Tennery cracked a smile.  "And which one of these mistakes would you correct?"
Leon turned to face him,  "What is this job?  Are you setting up some RAND-like think tank?  Are you looking for deep-thinking historians?  If so, I am not your first choice."
He nodded, "You weren't.  I have been looking for the right person for several years now.  Two others have been offered the job.  One turned it down.  The other...  I had to withdraw the offer.  He proved...unstable."
"What is this job?  Surely you aren't going to all this trouble to replace a data entry supervisor?"
Edmund Tennery waited a moment, and then turned towards his desk.  "Come here, I want to show you something."
They resumed their chairs, and the old man picked up a heavy glass ornament, a hollow globe, from the clutter of items on his desk.  He shook it, and Leon could see a smaller sphere, like a marble, rolling around inside the sealed globe.
"It was a little before sundown on October 2, 1962.  I was waiting for it to get dark before I hung myself."
Leon jerked in response.  The old man had his eyes closed, remembering.  He decided to wait and ask his questions later.

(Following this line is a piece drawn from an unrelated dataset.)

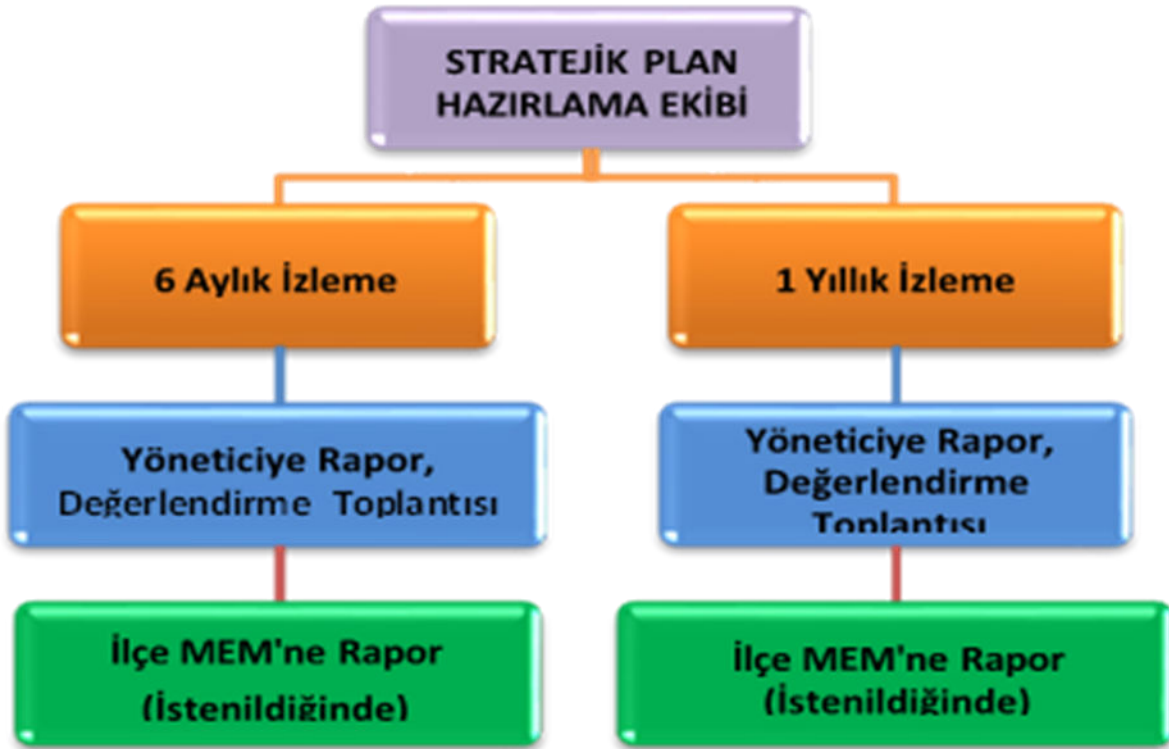
Şekil 3: İzleme ve Değerlendirme Süreci

Müdürlüğümüzün 2019-2023 Stratejik Planı İzleme ve Değerlendirme sürecini ifade eden İzleme ve Değerlendirme Modeli hazırlanmıştır. Müdürlüğümüzün Stratejik Plan İzleme- Değerlendirme çalışmaları eğitim-öğretim yılı çalışma takvimi de dikkate alınarak 6 aylık ve 1 yıllık sürelerde gerçekleştirilecektir. 6 aylık sürelerde rapor hazırlanacak ve değerlendirme toplantısı düzenlenecektir. İzleme-değerlendirme raporu, istenildiğinde İlçe Millî Eğitim Müdürlüğü'ne gönderilecektir. Ayrıca ilçemizin Mülki İdari Amirine sunulacaktır. 1 yıllık izleme-değerlendirme çalışmaları, Stratejik Planımızda yer alan hedeflerin yıllık düzeyde ifade edildiği Performans Programı ve yılsonunda gerçekleşme düzeylerinin belirlendiği Faaliyet Raporu hazırlanarak yapılacaktır.

"It was a very bad day.  My wife had gone into the city and I had watched my whole world burn to ashes when the first of the Russian A-bombs exploded over Manhattan.  None of the explosions came close to me, but I was able to watch the flashes on the horizon.  My neighbors panicked, rushing around, trying to prepare for the fallout.

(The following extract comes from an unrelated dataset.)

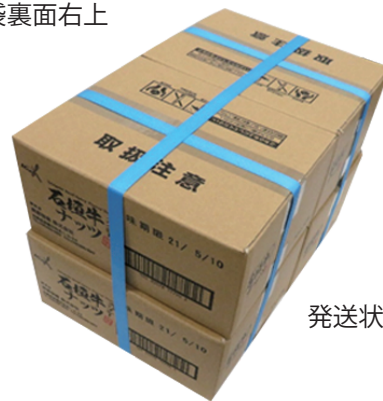
発送状態・12×4 ボール

"When the electricity went out, I sat in my car, listening to the only radio station that were still on the air.  Of course, the announcer didn't know anything more than I did.  The Cubans had shot down an American spy plane.  Kennedy had ordered Havana bombed.  The Russians retaliated–and New York was destroyed.  I assume we also bombed Russia."
Leon ran the story against what he knew about the Cuban Missile Crisis, and there were was one glaring error–no nuclear war ever happened.
"Of course, not a lot of this meant anything to me then.  I only knew that my wife and my little boy had died, and that I was likely to die from radiation poisoning within the next few days.  My life was torn to shreds and I saw no real reason to continue.  I didn't have a gun, and I knew that I would have trouble killing myself with a knife–I had a horror of doing it poorly and bleeding to death slowly.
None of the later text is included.